One might wonder, when we eight Helferty kids visited, how Nana Durgin kept control of such a large brood. But she had raised three sons, in addition to several nieces and nephews. Twenty years later, when I spent college summers at her house, the bossing continued apace. Instead of shining drinking glasses, her chore list grew with my stature. I’ll never forget the day she commanded that I hang the towels on the clothesline virtually the moment I walked in the door.  Sulky as only a smart-ass sophomore can be, I pulled out the line and threw the towels over it, tossing them haphazardly in halves. I had almost finished the whole basket when I heard the familiar rapping of knuckles on the kitchen window.

“Yoo-hoo, come here, come here,” Nana shouted. Groaning, I went over to the kitchen steps, looking up at her wizened face through the screen, her lips tight and thin when work was to be done. Her eyes beamed at me and her sharp chin pointed at the line as she stated that I needed to use clothespins and rehang all the towels or they would not dry.

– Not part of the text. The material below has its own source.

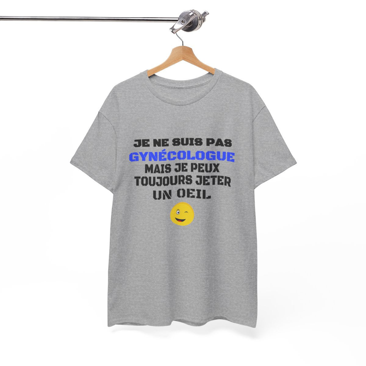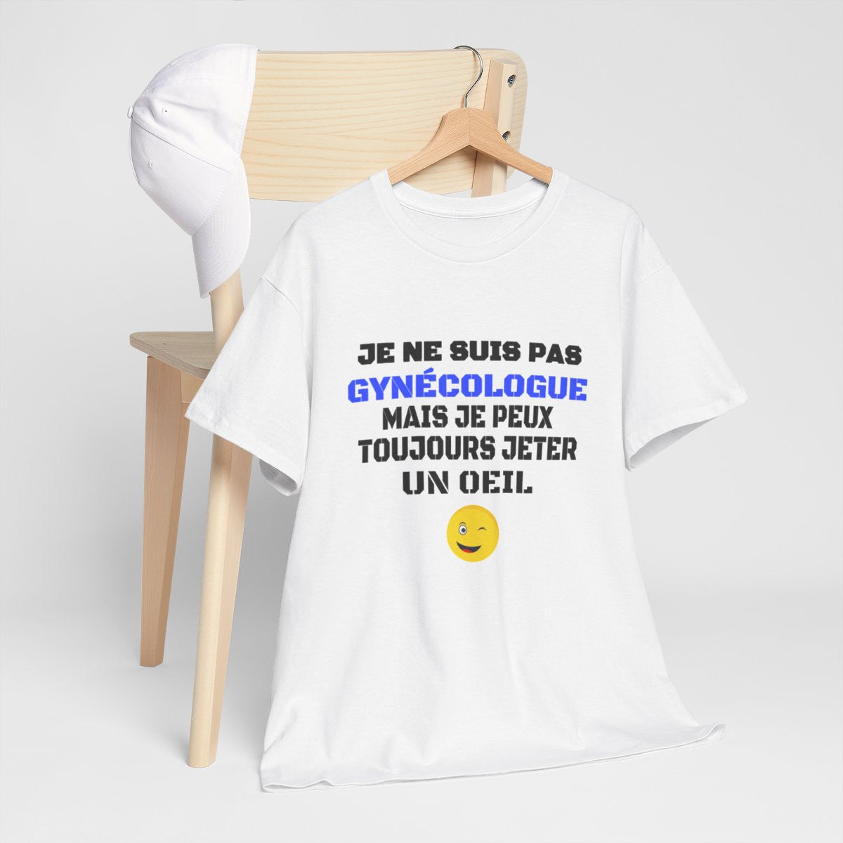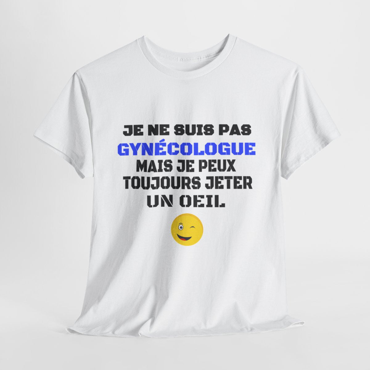 Tee Shirt Humour "Je ne suis pas gynécologue mais je peux toujours jeter un oeil" - Pour Homme

Despite my having survived the rigors of freshman physics and chemistry at MIT, there would be no persuading her that it was a hot sunny Back Bay afternoon, or that thermodynamics ensured enough evaporation to dry the towels. Instead I shut my mouth, stomped on out to the back yard and put a handful of clothespins in my mouth. I rehung all the towels. There are some immovable forces in life, and it seems mountains and Irish matriarchs had about the same weight.

Most of the time, her call of “Come here, come here” meant a chore needed to be done. But sometimes she would gaze at me with her proud hawklike eyes. Reaching past her low-slung breasts deep into a cavernous apron pocket, she would pull out a bright quarter. Nana Durgin would lay it flat on the kitchen table, pushing it towards me with her arthritic swollen knuckles, saying “Take it, take it,” as she rapped the table. Then she would shoo me away, cooing “Go now, go now.”

I don’t remember what I did with those special quarters—maybe bought ice cream from the Mr. Softee Truck or tucked them in a change purse for buying a second-hand book. But in my blue-collar, big-family childhood, there were few extravagances like a secret gift, not for a holiday and all my own. It made 25 cents into a king’s ransom.

Now, thirty years later,  I sit enjoying the cool evening breeze and smelling my petunias, on the porch of a Philly house built for and by immigrant workers. The flower-scent reminds me that secret moment with my great-grandmother — nearly as precious as all the others.